Haven't been on AS in years.. If I am so wrong about skip chain, show me one harvester that uses skip chain.  Maybe you should take your big bar envy back to AS.  I'll also add that skip chain is for lazy people that don't want to sharpen their chain.

They do have their place, just not on the east coast, Midwest or hardwood country.


----------



## Freakingstang (Aug 13, 2013)

DexterDay said:


> Dolmar 5100 is a nice unit. Had one that was ported by Mastermind. I sent it to R.I. somewhere. I am not a fan of anything less than 60cc saws.
> 
> Here is the lil Dolmar next to a real saw
> 
> View attachment 108463


 
Yeah I sold mine after running a 550xp... it runs just as hard as any 60ccsaw I've ever ran.. I'll get a 562xp someday and put a 13" bar on it because we don't need anything bigger in shimply bar land


----------



## firecracker_77 (Aug 13, 2013)

All this talk about shrimpy bars makes me want to sink my 16" bar into the red oak I have needing to be sawed to length.  My 290 and a 16" is ok.  A little slow, but it does work.  I would like to have a bigger one for the fun of it.

What is AS by the way?


----------



## Freakingstang (Aug 13, 2013)

arborist site... where all the internet saw geeks and know it alls go


----------



## TreePointer (Aug 13, 2013)

Go to AS chainsaw forum.  Start an oil discussion.  Make friends fast!    /jk


----------



## firecracker_77 (Aug 13, 2013)

TreePointer said:


> Go to AS chainsaw forum. Start an oil discussion. Make friends fast! /jk


 
As long as I have access to Hearth.com, I'm happy


----------



## clemsonfor (Aug 13, 2013)

I think the only thing I vver see in 3/8 chain is skip tooth. The stihl dealer does not even have any chain other than skip I. Bats over 20. He has full cutter safety chin in 20".


----------



## Freakingstang (Aug 13, 2013)

TreePointer said:


> Go to AS chainsaw forum. Start an oil discussion. Make friends fast! /jk


 
Will Stihl oil kill my husky?  Can I use used motor oil as two stroke mix when I'm out?  I don't like using canola oil for bar oil, you can't see it on the bar so I use the red atf.  works great


----------



## mikefrommaine (Aug 13, 2013)

Freakingstang said:


> Haven't been on AS in years..


And by "years" you really mean days?

http://www.arboristsite.com/search.php?searchid=2116046


----------



## BrotherBart (Aug 13, 2013)




----------



## Ashful (Aug 13, 2013)

clemsonfor said:


> I think the only thing I vver see in 3/8 chain is skip tooth. The stihl dealer does not even have any chain other than skip I. Bats over 20. He has full cutter safety chin in 20".


 
Opposite at my Stihl dealer.  They have racks of full comp chain, and only one spool of full chisel skip.  They actually look at you funny, as if you're from the left coast, if you ask them for skip chain.

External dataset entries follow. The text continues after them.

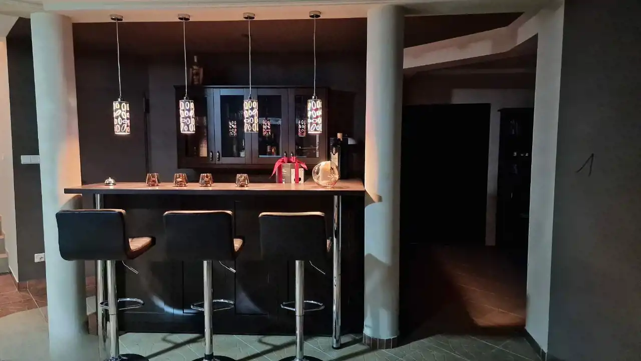 Podpiwniczenie o powierzchni 118 m² zostało zaaranżowane jako prywatna przestrzeń wypoczynkowa – z kinem domowym, barem oraz częścią klubową. To idealne miejsce na wieczorne spotkania i odpoczynek w gronie najbliższych.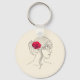 Chaveiro Linha contínua de mulher com Rosa vermelha no cabe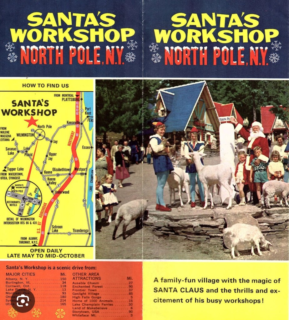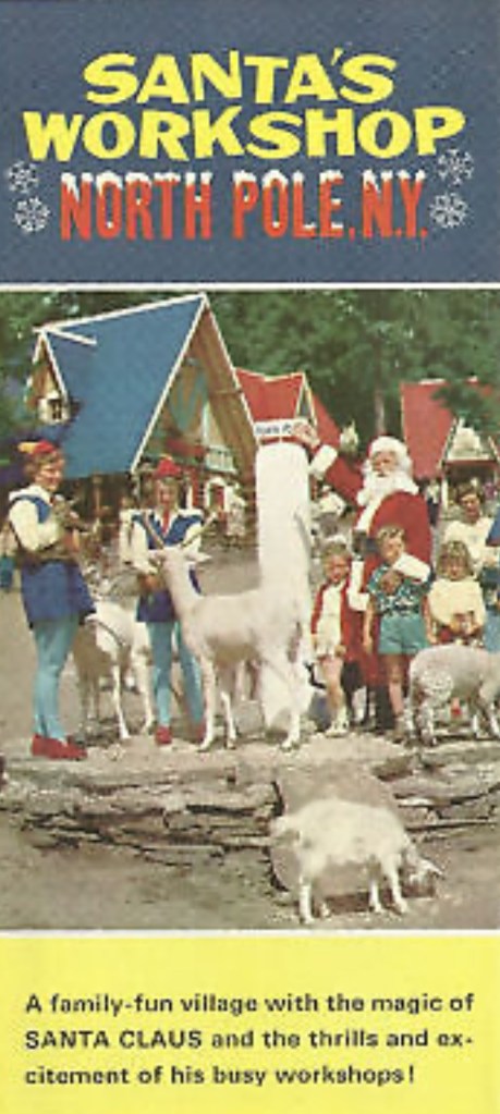 On the same trip we went to Santa’s Workshop at The North Pole, New York. Set in the northern Adirondack Mountains, it was a wonderland. Not only were Santa and Mrs Claus present, there were elves and reindeer! I vaguely recall goats and some small kiddie rides. The most amusing part of the visit was being in the North Pole in August!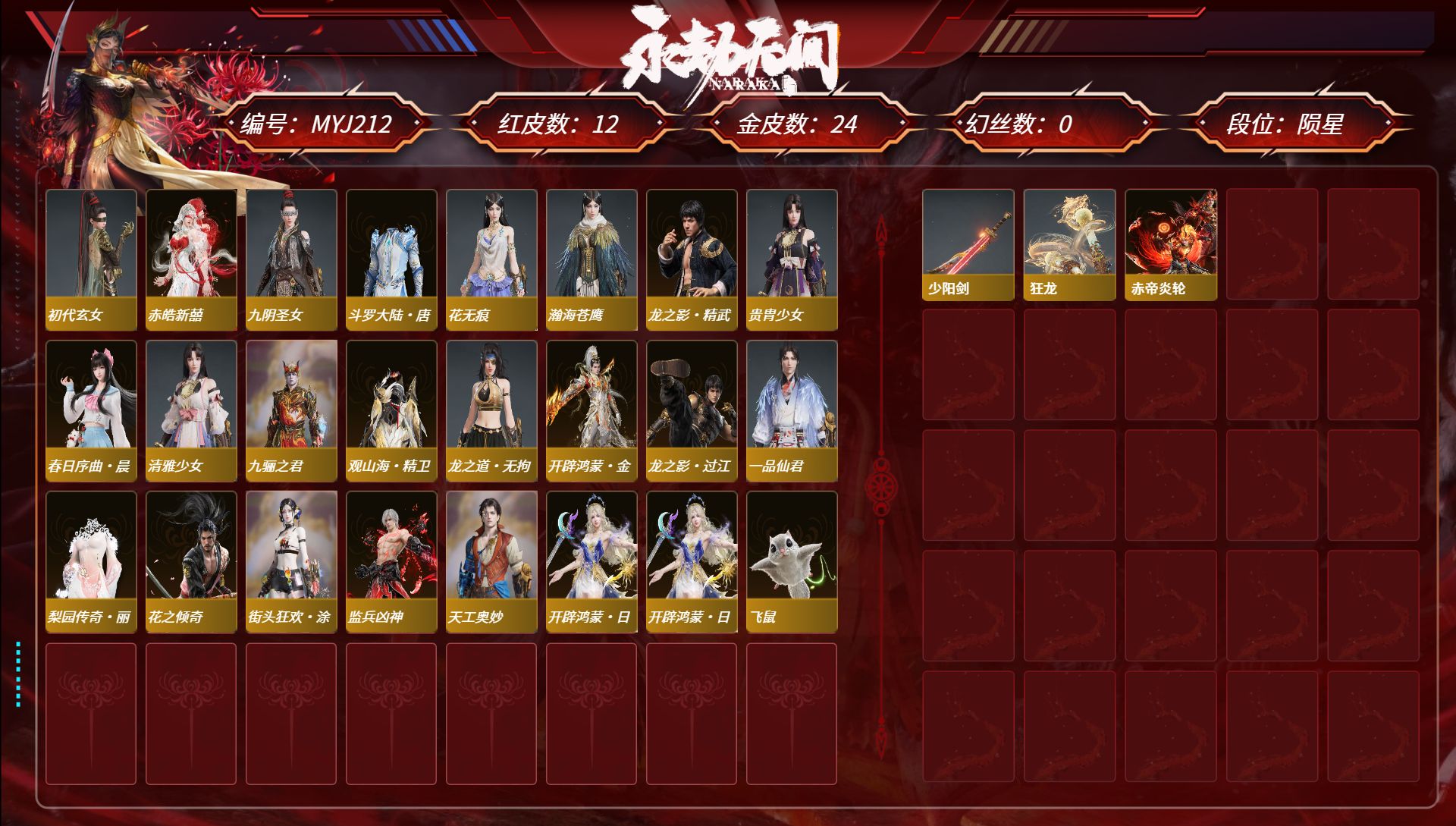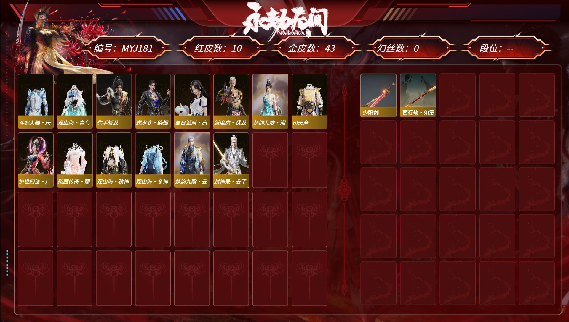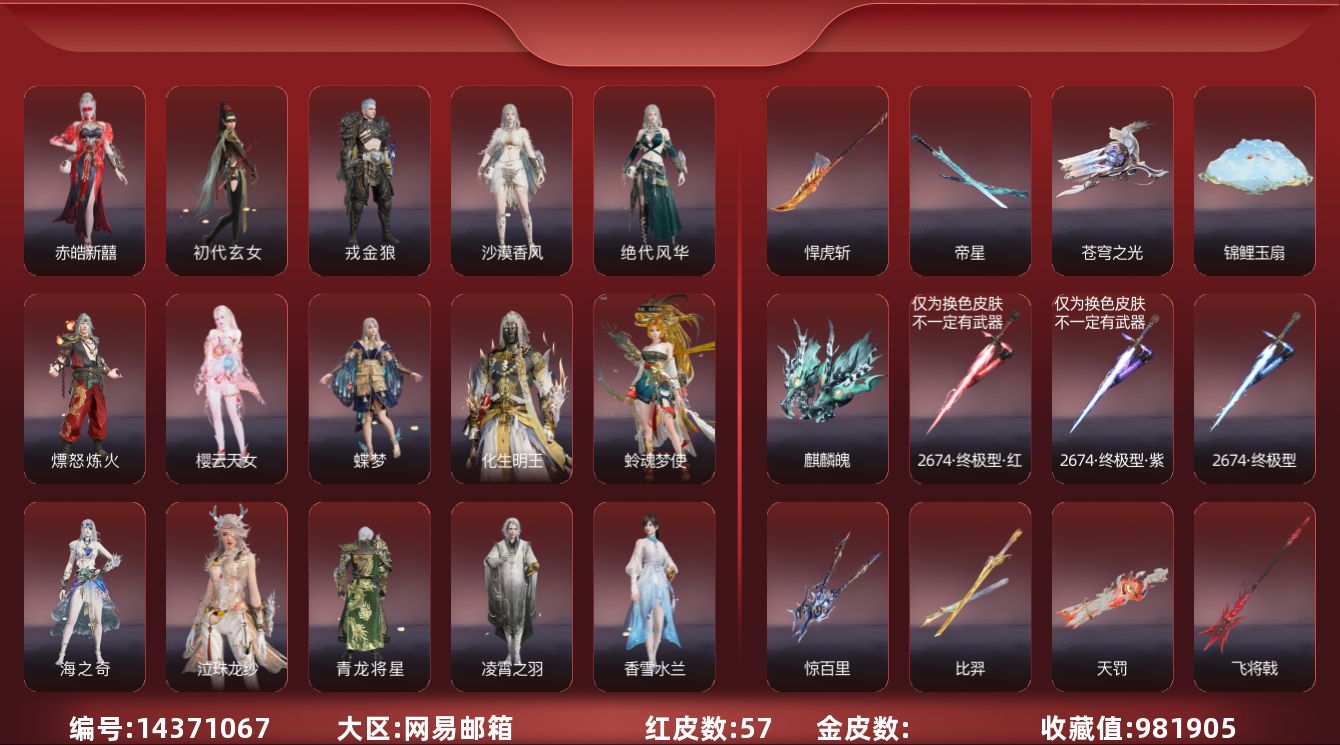 [14371067]9deb45网易邮箱57个红皮谪星·无定法(2孔),谪星·2p,初樱绮梦胡桃发型,棠华映露玉玲珑发型,泳装13个【高校水着(胡桃),椰风夕照(季沧海),热海白珊(妖刀姬),午后瑰夏(宁红夜),昭夏流金(迦南),仲夏霜华(顾清寒),弄潮逐浪(崔三娘)下次换绑时间2025/7/9,等待换绑期间可以登入网易大神直接进入游戏不影响游戏体验。网易支付未实名道具货币都是默认已使用.,半夏晚风(魏轻),夏海伏浪(天海),初夏绯莓(沈妙),长夏清澜(殷紫萍),盛夏白阳(季莹莹),赤夏悠漾(玉玲珑),精武魂(季沧海),】奥义特效14个【神君印(岳山),赤徽(岳山),炎烈珠(季沧海),初代机(沈妙),绿野守护·竹韵悠(沈妙),神乌造像(天海),石龛造像(天海),珥冰(天海),百战·枷锁(魏轻),楚韵九歌·四海(哈迪),噬骨哈迪),镇冥司刘炼),雪霜姿顾清寒),宝葫芦(玉玲珑),】小技能特效6个【剪纸·彩刀(妖刀姬),三娃葫芦(天海),千秋匠心·凶虎(胡为),观山海·春木(殷紫萍),霜翎哈迪),拳皇·勾玉胡为),】胡为吕布全套,胡为孙悟空全套,岳山杨戬变身器三尖两刃刀全套,岳山关羽全套,岳山2674衣服变身器高达套装,武器红皮26个【2674·终极型,悍虎斩,帝星,惊百里,麒麟魄,烈阳,西行劫·如意金箍棒,冰魄,2674·九阴,飞将戟,锦鲤玉扇,比羿,灵狐幻刃,天琼,涯角,逆晦朔,凤求凰,狂龙,少阳剑,灵犀,狼主,苍穹之光,天罚,毕方,2674·终极型·紫,2674·终极型·红,】其他红皮31个【初樱绮梦,棠华映露,流金晓锦,画中仙,星辉魔纱,樱云天女,守墨麟,逐光者,夜魅游莹,监兵凶神,执明神君,化道者,通天狐袄,暮光胴丸,赤皓新囍,化生明王,泣珠龙纱,青龙将星,墨离,长天藏锦,蛉魂梦使,海之奇,香雪水兰,朱雀星衣,沙漠香风,蝶梦,凌霄之羽,初代玄女,戎金狼,绝代风华,熛怒炼火,】飞鼠,劫涛·潮,春桃笑,唐舞桐,昊天,小舞,海神三叉戟,流火映真,观山海·腓腓,杨戬,悟空,2674·街头烈火,春日序曲·赤羽,唐三,霍雨浩,庖丁·食神,信手斩龙,龙之影·龙虎斗,春日序曲·晨风,新魔杰·辟邪帝姬,西行劫·悟净,千秋匠心·青枝瓷,新魔杰·斩魔天将,孽炎祸斗,百战·破荆者,观山海·夏神祝融,护世四法·增长天王,巨阙,龙之道·自知,
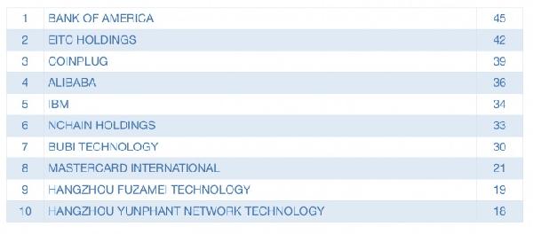 45 patentle birinci sırada yer alan Bank of America, kurumsal şirketlerin kripto para birimlerinin büyük potansiyeline inanmaya başladığını ortaya koyarken, yatırım şirketi EITC Holdings 42 patentle ikinci sırada ve Güney Kore merkezli komisyon şirketi Coinplug ise 39 patentle listede üçüncü sırada yer aldı.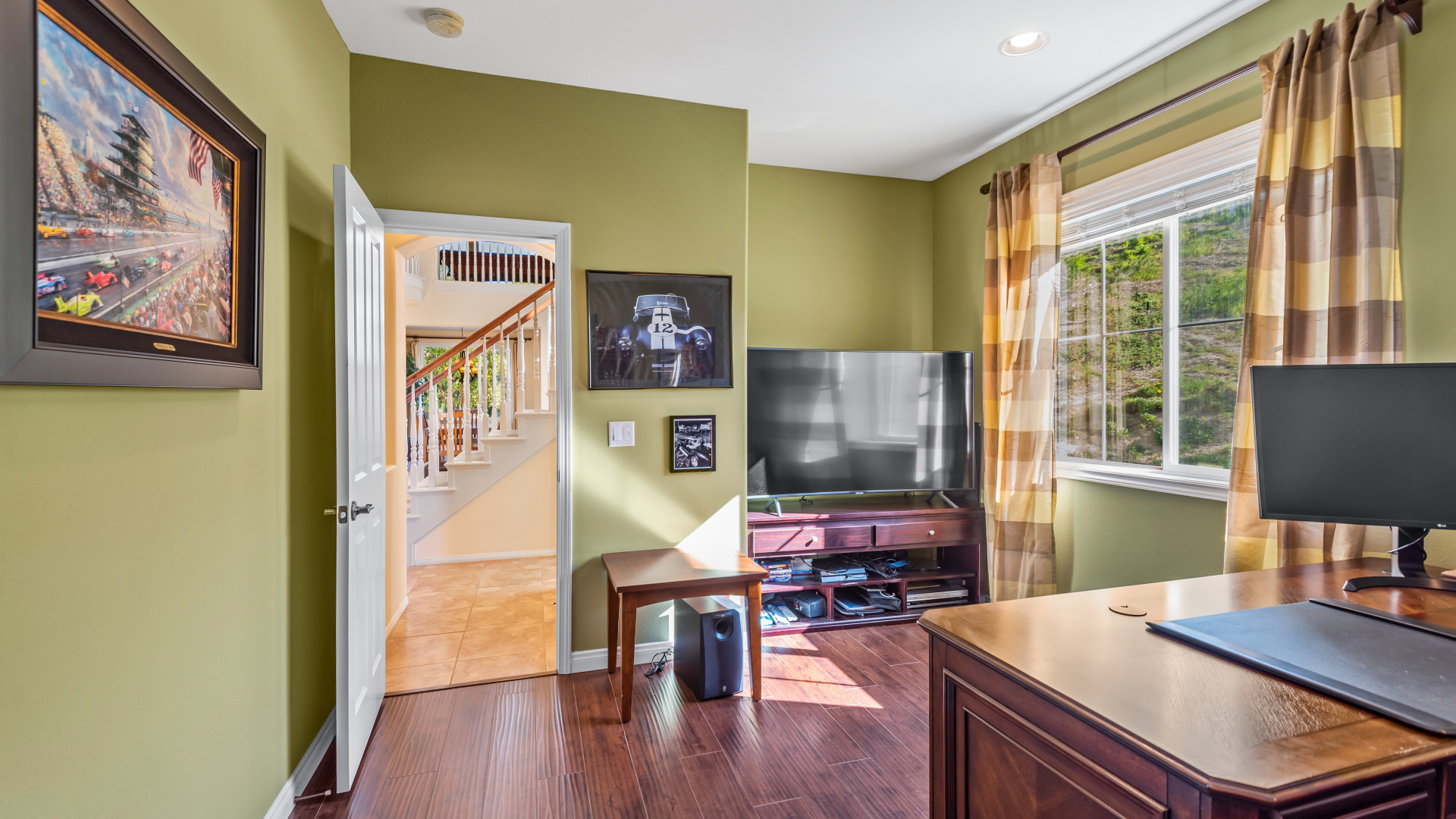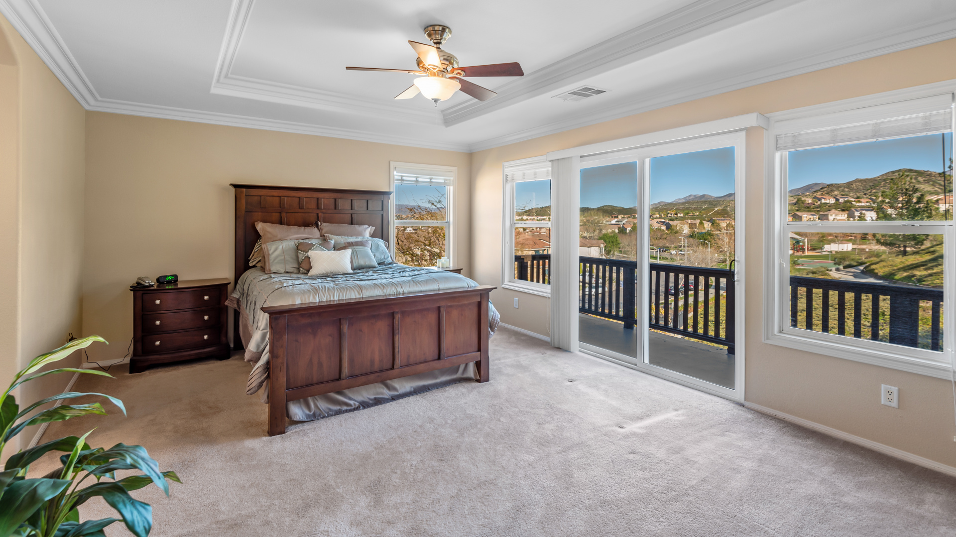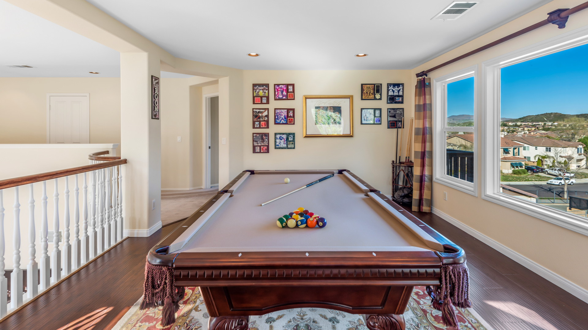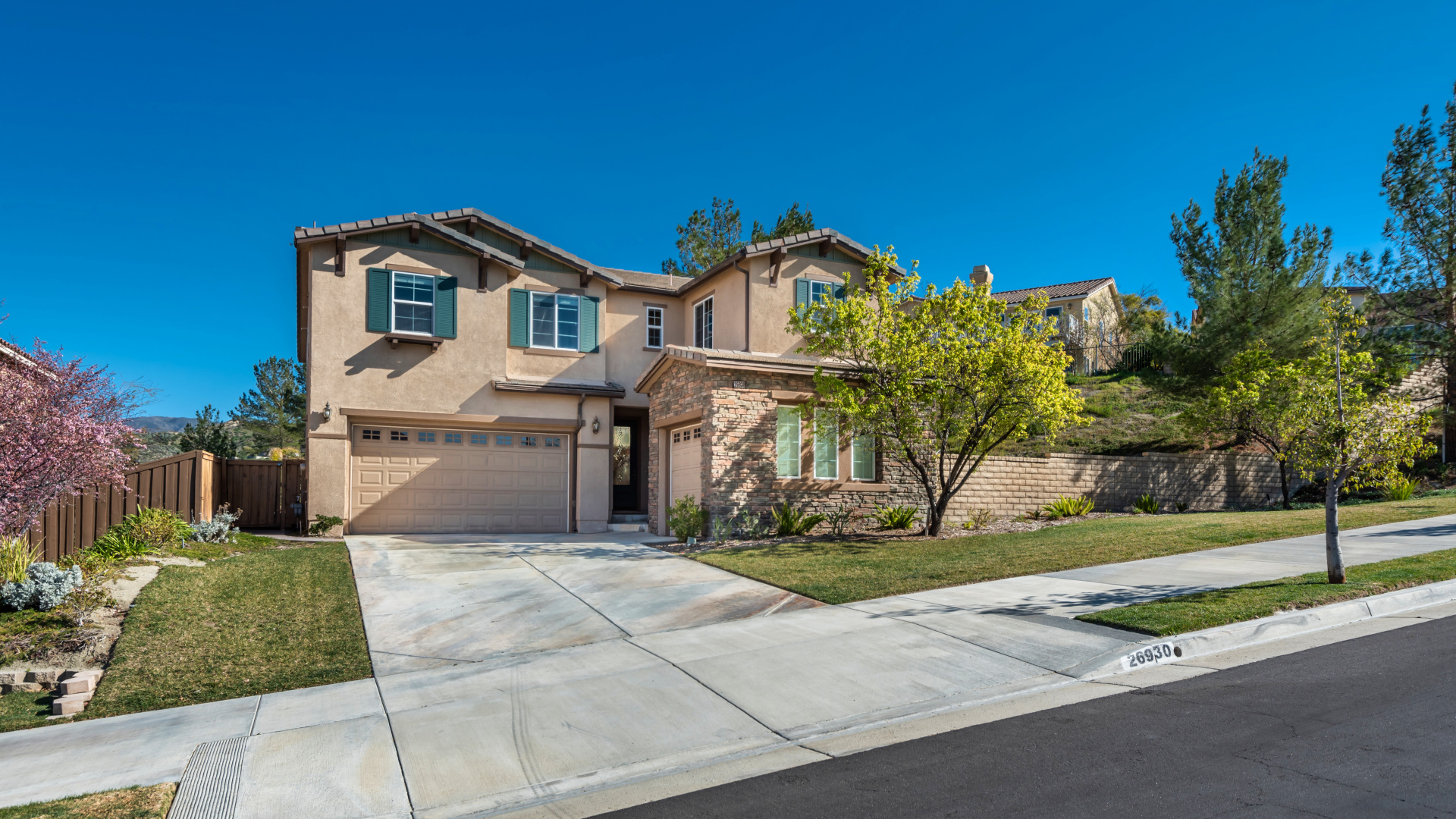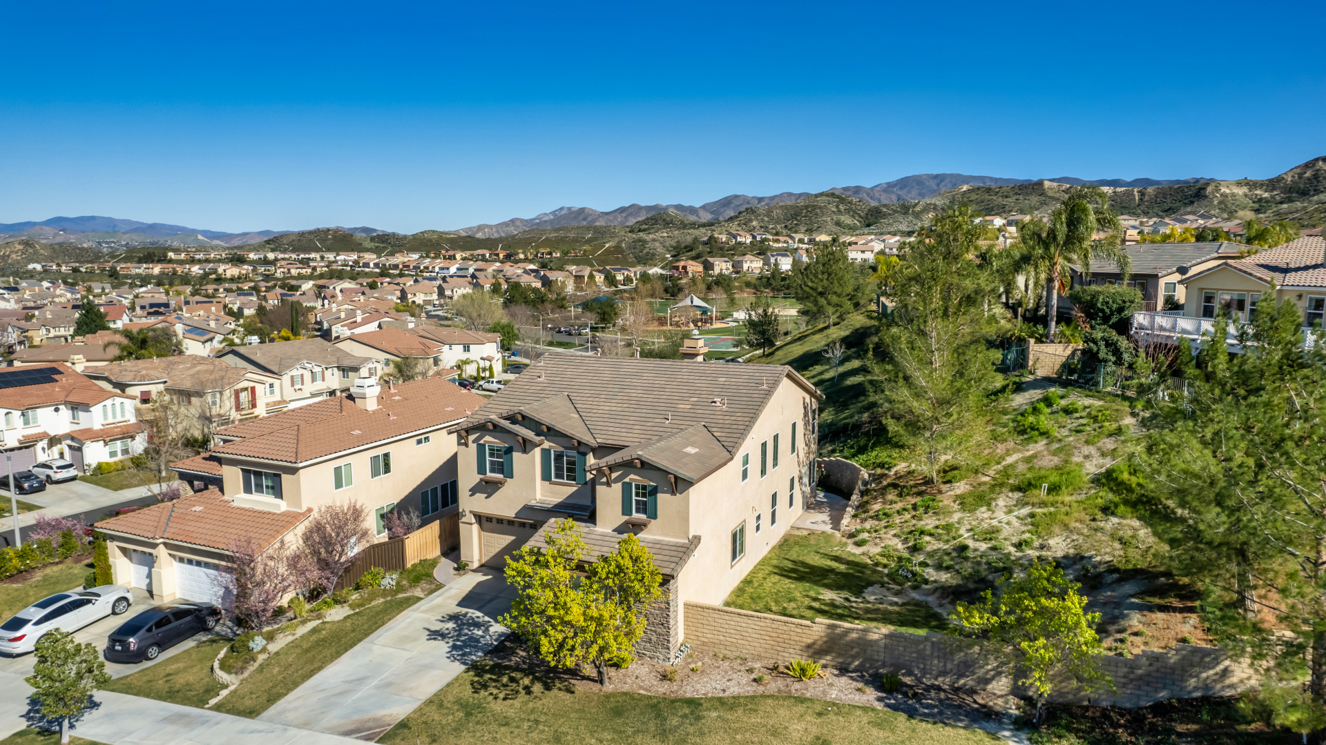 Fabulous Canyon Country view home in coveted Fair Oaks Ranch Community. Ideally set on a quiet street in the highly sought-after Mayfair tract, this spacious and bright 5 bedroom, 3 bathroom property, plus loft, features 3,313 SQFT of living space on a large 12,975 SQFT lot, a 2 car garage with direct entry, and a separate 1 car garage which could also serve as a great bonus room, home gym, or studio. The open and super functional floorplan boasts soaring 2 story ceilings with tons of natural light, a wonderful living room, and a formal dining area with adjacent wet bar area. A cozy fireplace warms a large family room that overlooks a cook’s center island kitchen with granite counter tops, built-in stainless steel appliances, tons of cabinet space, a pantry, breakfast area and bar. Pool table sized upstairs loft is perfect for a game room or home media area. The primary suite features crown moldings, a view balcony, his & her walk-in closets, and a huge en suite bathroom with dual vanities, spa tub and separate shower. All upstairs rooms have views and there is one bed/bath on the main floor that could be used as a home office. Relaxing rear yard is perfect for entertaining and features a large patio plus a separate grassy area backing to a private hill, with room for a pool and other landscaping or hardscaping opportunities. Low HOA Dues with amenities including 2 parks, highlighted by the expansive Fair Oaks Park with fabulous playground equipment, basketball court, and volleyball courts, a clubhouse, large Olympic sized pool area with BBQs, picnic areas, and a splash pad! Original owner. Close to award-winning public and private schools, great restaurants, shopping, grocery stores, entertainment, so many other activities, and with convenient freeway access, your picture-perfect home awaits at Beech Willow Lane.

<-- just bought three loops of skip to try, got the funny look.


----------



## DexterDay (Aug 13, 2013)

Freakingstang said:


> When did you cross over to the darkside? how those xp's treating you? 22" maple and both of these saws were ported with 20" bars and off the reel round ground stihl RS chain. the 372 has a ton of work done to it.  I ran it in stock appearing race saw classes on nitro, so that's not really something that should be used in the woods all day long every day. That 360 will last forever. you can hear the snappiness and way more compression of the 372
> 
> 
> 
> ...




Ever since you told me that I needed a MS 361, I started investigating why? With the Quad port design of the Husq's it makes the most snappy of the 36 series. And now I know 1st hand  

I used to own just Husqs. But then I got the 1st 036 Pro. Then, I got All Stihl, All the time!!..!! Then I read more on the 372xp, and also the 562xp. Just acquired the 2nd 372xp last week. Had a 12mm 044 Mag delivered today (also from AS). That thing is something special. My 460 is a runner. But there is something with that 044 that makes it rev so (read : SO) much faster and snappier!

Definitely want to pick your brain on Port work. I want to send the new 372 off to a builder, for a woods port. But if its something I can do with tools I already possess? Then I would be willing to sacrifice one of my 036 Pro's to learn. Either way, we need to hook up sometime. Either at your place or Boogs. Also, member Swagler would be a good candidate for a lil GTG


----------



## clemsonfor (Aug 13, 2013)

There selling loops at this dealer. Not making them onsite. I think k there more of a lawnmower (exmark) dealer but have a full line of stihl stuff though.


----------



## clemsonfor (Aug 13, 2013)

There supposedly is a big stihl dealer in augista that I want to go to. I want to see what they have.


----------



## Freakingstang (Aug 13, 2013)

DexterDay said:


> Ever since you told me that I needed a MS 361, I started investigating why? With the Quad port design of the Husq's it makes the most snappy of the 36 series. And now I know 1st hand
> 
> I used to own just Husqs. But then I got the 1st 036 Pro. Then, I got All Stihl, All the time!!..!! Then I read more on the 372xp, and also the 562xp. Just acquired the 2nd 372xp last week. Had a 12mm 044 Mag delivered today (also from AS). That thing is something special. My 460 is a runner. But there is something with that 044 that makes it rev so (read : SO) much faster and snappier!
> 
> Definitely want to pick your brain on Port work. I want to send the new 372 off to a builder, for a woods port. But if its something I can do with tools I already possess? Then I would be willing to sacrifice one of my 036 Pro's to learn. Either way, we need to hook up sometime. Either at your place or Boogs. Also, member Swagler would be a good candidate for a lil GTG


 

036 to 372 is apples and cucumbers as far as port work goes. is your 61 ported? that's where they shine and why I told you to trade a 36 for a 61.. yes, it is a mini 372.....I have no issues helping you out, but let me tell you I've ruined 20-30 jugs over the years "learning"what works and what doesn't... its really easy to get carried away and remove too much material and make it a nice paperweight. too much exh timing shifts the power band up and up and narrows it significantly. Too much intake timing makes it chug fuel. too much transfer port timing and it either falls on its face or makes no power.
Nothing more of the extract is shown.